Google’s UK tax bill jumps from £50m to £200m

The amount of tax Google paid to the Treasury rose from £50 million to £200 million in the past 18 months, according to accounts to the end of December.

Its turnover rose from £1.8 billion to £3.4 billion, with a profit of £896 million, up from £226 million in June 2020.

These figures cover a year and a half as the business moved its accounting period from the end of June.

Google opened its first UK office in 2003 where staff are principally involved in research and development and marketing. It is in the process of developing a huge site in London’s King’s Cross which will have space for 4,000 staff, in a horizontal skyscraper that will be 330m wide. It bought the land in 2013 for £290 million.

This year it spent £788 million buying the Central Saint Giles development in London’s West End where it has rented office space since 2012.

It took on 577 more staff since June 2020, and has 2,275 working on sales and marketing, 2,412 in research and development and more than 1,000 in management and administration

Along with other US tech giants, the company has been repeatedly criticised for not paying enough tax in the UK. Google’s European operation is based in Dublin, where taxes are lower.

A spokeswoman for Google said “Our global effective income tax rate over the past decade has been close to 20 per cent of our profits, in line with average statutory tax rates. We have long supported efforts via the OECD to update international tax rules to arrive at a system where more taxing rights are allocated to countries where products and services are consumed.”

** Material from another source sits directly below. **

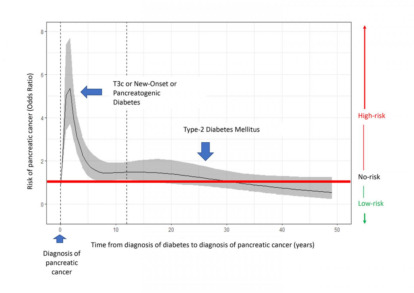 image: Nonlinear association between the risk of pancreatic cancer and the time elapsed between the diagnosis of diabetes and that of pancreatic cancer. Point 0 represents the diagnosis of pancreatic cancer. Diagnosis of diabetes less than 2 years before cancer diagnosis is strongly associated with the risk of this tumour.

Britain introduced a digital services tax in 2020, levied at 2 per cent of gross revenue of large digital companies derived from users in the country. Last year, the OECD struck a deal to reform the international tax system which will supersede this next year.

The agreement was reached after nearly 140 countries agreed a deal on new rules for international corporate taxation. The reforms are designed to ensure that multinationals pay an extra $100 billion a year in taxes and shift more of their liabilities to countries where they derive their revenues.

Under the new framework companies will pay a minimum 15 per cent global tax rate. The aim is to end competition between countries, under which intellectual property has been shifted to tax havens and profits have been declared in low-tax jurisdictions.